• _WHAT THE TASK ASKS_
Below are records to reproduce in full; copy them exactly but keep the pictures out.

• _Source data_
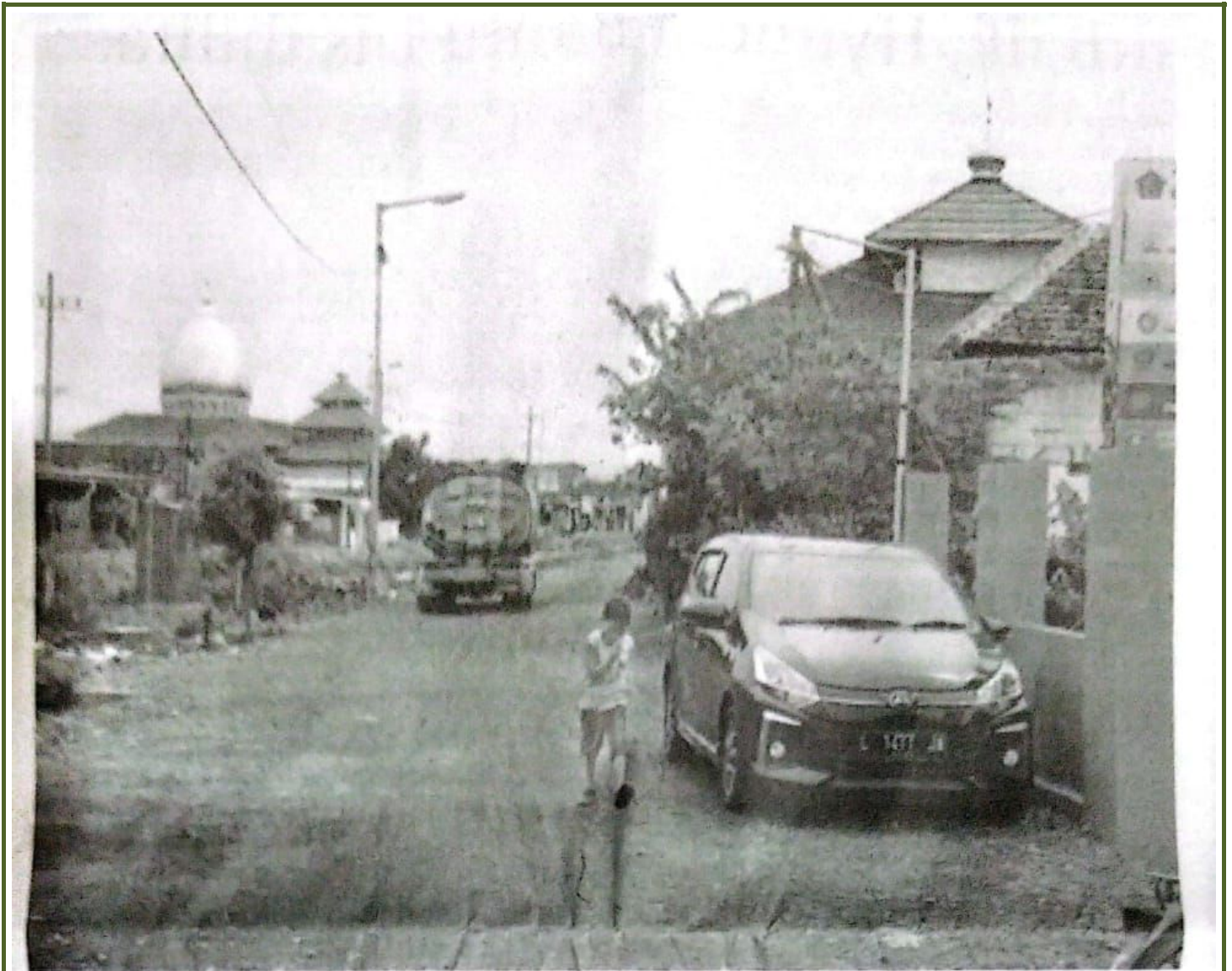
Jalan Desa Banjarasri yang kerap banjir bakal dibeton tahun ini.

DEWAN PERWAKILAN RAKYAT DAERAH KABUPATEN SIDOARJO
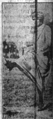
Księżka gra w piłkę nożną. — Księżka Astora, w której to miesiącu grała w piłkę nożną, jak arystokratyczna matka — również sędzią z tematu sportu.
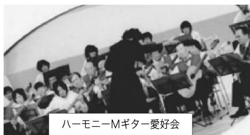
ハーモニーMギター愛好会
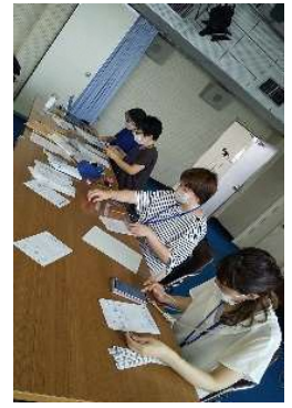
ベルマーク集計中 🟡
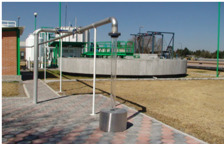
Cada módulo de tratamiento para la recarga masiva será de 50 l

En el mismo estudio se recomendó que en un lapso de 10 años se abatieran los niveles freáticos entre 5 y 6 m, con el fin de evitar pérdidas por evaporación. Lo anterior reduciría las áreas pantanosas y permitiría incorporar esas tierras a la agricultura. Así también se aconsejó iniciar un programa de recarga artificial de la cuenca y los estudios para conocer el funcionamiento del acuífero.
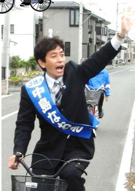
元祖・自転車選挙！1週間の 走行距離はなんと450キロ超

• _COMPLETED TASK_
Jalan Desa Banjarasri yang kerap banjir bakal dibeton tahun ini.

DEWAN PERWAKILAN RAKYAT DAERAH KABUPATEN SIDOARJO
Księżka gra w piłkę nożną. — Księżka Astora, w której to miesiącu grała w piłkę nożną, jak arystokratyczna matka — również sędzią z tematu sportu.
ハーモニーMギター愛好会
ベルマーク集計中 🟡
Cada módulo de tratamiento para la recarga masiva será de 50 l

En el mismo estudio se recomendó que en un lapso de 10 años se abatieran los niveles freáticos entre 5 y 6 m, con el fin de evitar pérdidas por evaporación. Lo anterior reduciría las áreas pantanosas y permitiría incorporar esas tierras a la agricultura. Así también se aconsejó iniciar un programa de recarga artificial de la cuenca y los estudios para conocer el funcionamiento del acuífero.
元祖・自転車選挙！1週間の 走行距離はなんと450キロ超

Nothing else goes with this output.